------ Provided data ------

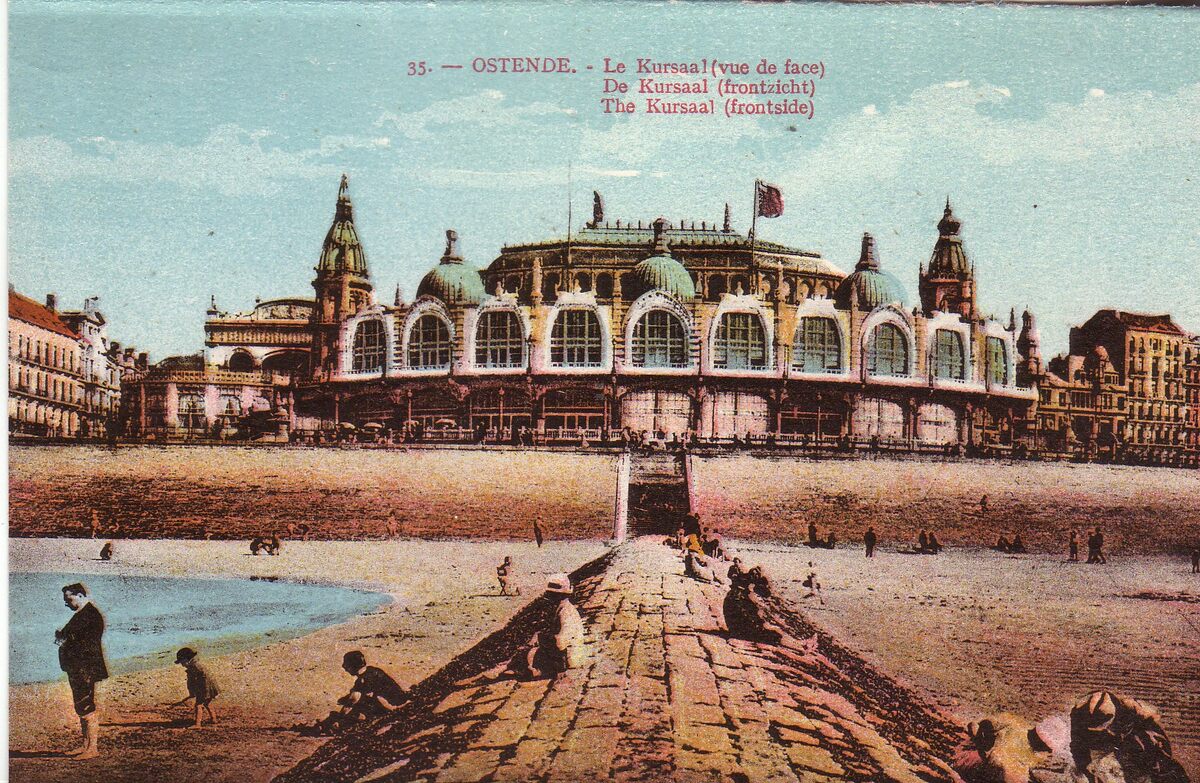 N° 35. - Ostende - Le Kursaal (vue de face). De Kursaal (frontzicht). The Kursaal (frontside). - Bijgekleurde kaart. - De noordgevel van het derde Kursaal langs de Zeedijk. Vooraan, het Groot Strand en golfbreker.
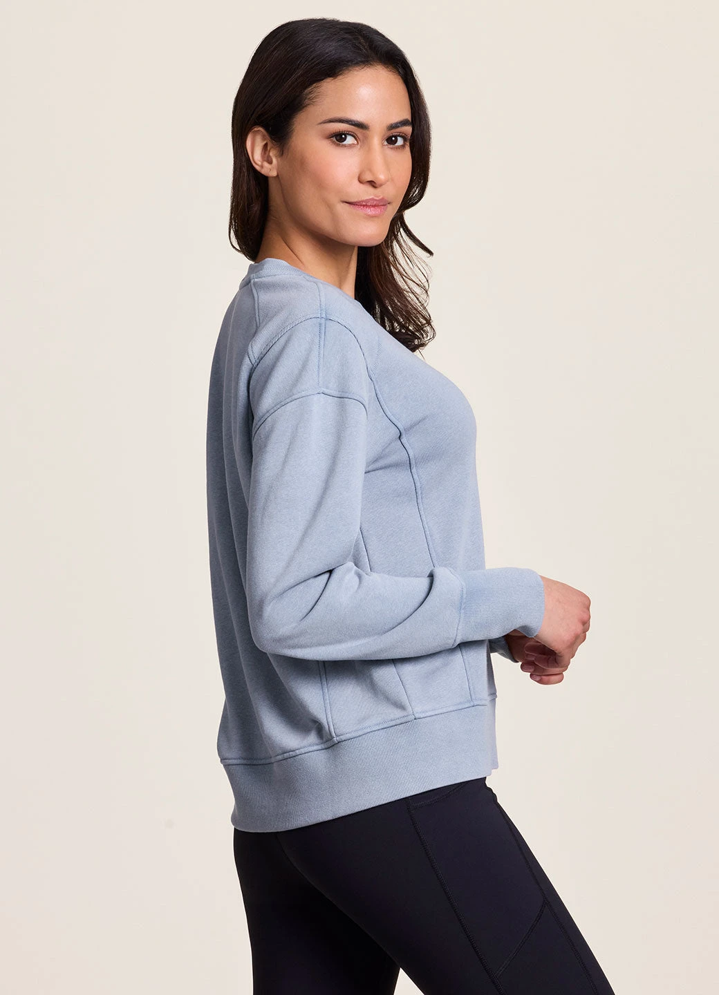 Indulge in the timeless athleisure comfort of our Seascape Relaxed Pullover, made from a soft, ultra lightweight cotton french terry fabric with a chic mineral washed effect. Complete with a stretch ribbed banded hem, wrist cuffs and dropped shoulder seaming for sporty look and feel, it’s the all-season crewneck sweatshirt you can style from the yoga studio to lunch with friends.
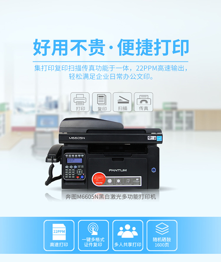 • 商品名称:奔图 M6605N 黑白激光一体机 1200x1200dpi (单位:台) 黑色

------

Work instructions :: Please give the data above again in exact form and omit every picture.

Reply to the exercise ::
 N° 35. - Ostende - Le Kursaal (vue de face). De Kursaal (frontzicht). The Kursaal (frontside). - Bijgekleurde kaart. - De noordgevel van het derde Kursaal langs de Zeedijk. Vooraan, het Groot Strand en golfbreker.
 Indulge in the timeless athleisure comfort of our Seascape Relaxed Pullover, made from a soft, ultra lightweight cotton french terry fabric with a chic mineral washed effect. Complete with a stretch ribbed banded hem, wrist cuffs and dropped shoulder seaming for sporty look and feel, it’s the all-season crewneck sweatshirt you can style from the yoga studio to lunch with friends.
 • 商品名称:奔图 M6605N 黑白激光一体机 1200x1200dpi (单位:台) 黑色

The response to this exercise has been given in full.